The newly identified taxon, Discolaimus haridwarensis sp. n., exhibits similarities with the most common and widely distributed species of the genus Discolaimus, D. major. However, both species can be distinguished by some important morphological features, including body size and odontostyle length. Additionally, the current molecular data for both species support a separate status for D. haridwarensis sp. n.

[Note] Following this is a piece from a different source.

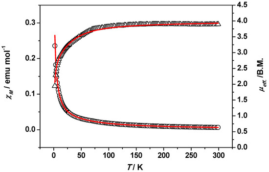 The use of this model yielded good agreements between the experimental data of the molar paramagnetic susceptibility and magnetic moment with their corresponding calculated data. Figure 3, Figures S5 and S6 show the experimental and calculated curves of magnetic molar susceptibility and magnetic moment versus temperature for compounds 24. Table 3 collects the magnetic parameters (µeff., D, g, zJ, TIP and P) obtained from the fitting of the experimental values together with the quality of the fits. The obtained values for the zero field splitting parameter are in the range 43.00–62.72 cm−1 which are similar for other similar tetraamidato complexes [12,13,14]. The low negative values obtained for zJ in the three complexes (−0.93, −0.79 and −1.11 cm−1) indicate weak antiferromagnetic interactions between the dimetallic units. These low values are consistent with the zigzag chain structure observed in these complexes, where the magnetic coupling should be propagated through the thiocyanate bridges, although a through-space interaction cannot be ruled out.

Molecular data for Discolaimus species are currently insufficient, comprising 21 sequences, including one whole genome (JAQIWJ000000000) and eight rDNA partial sequences for D. major (MT776558, MH216059, MH206070, AY284828, AY593026, AY593025, EF207239, EF207252). There are also three rDNA partial sequences for D. texanus (AY911958, AY911957, AY146485) and one partial rDNA sequence each for D. auritus (AY146484), D. bicorticus (OK142270), and D. similis (AY146501). Additionally, six sequences belong to unidentified species of the Discolaimus genus (MT796643, MG421342, KY750844, KY750793, KY750790, and KY750789). These latter six sequences belong to COI, 18S, and 28S molecular markers and require careful attention in their usage. It is noteworthy that none of the described Discolaimus species to date have included molecular data in their descriptions, including the most recent species described by [4,5]. Consequently, no reference sequences (i.e., molecular data from type populations or type localities) for species of this genus are currently available. Only limited molecular data, without associated published morphological characterizations, have been reported. This lack of comprehensive data makes the taxonomic confirmation of the available Discolaimus molecular data challenging.

The phylogenetic tree based on the D2-D3 region of 28S rRNA showed that the new species clustered with D. bicorticus (OK142270) and an unidentified Discolaimus species (KY750793) (1.00 BPP). Furthermore, it forms a clade with its closest relative, i.e., Carcharodiscus and Discolaimoides genera, as all three genera belong to the family Qudsianematidae. The phylogenetic tree based on the 18S rRNA showed that the new species clustered with Discolaimus major (AY593028) (0.98 BPP). The Qudsianematidae clade forms a well-supported clade with Belondiridae, Leptonchidae, and Tylencholaimidae families (0.99 BPP), as the species in these families lack pars refringens vaginae. The monophyly of Discolaimus species remains unresolved due to limited molecular data.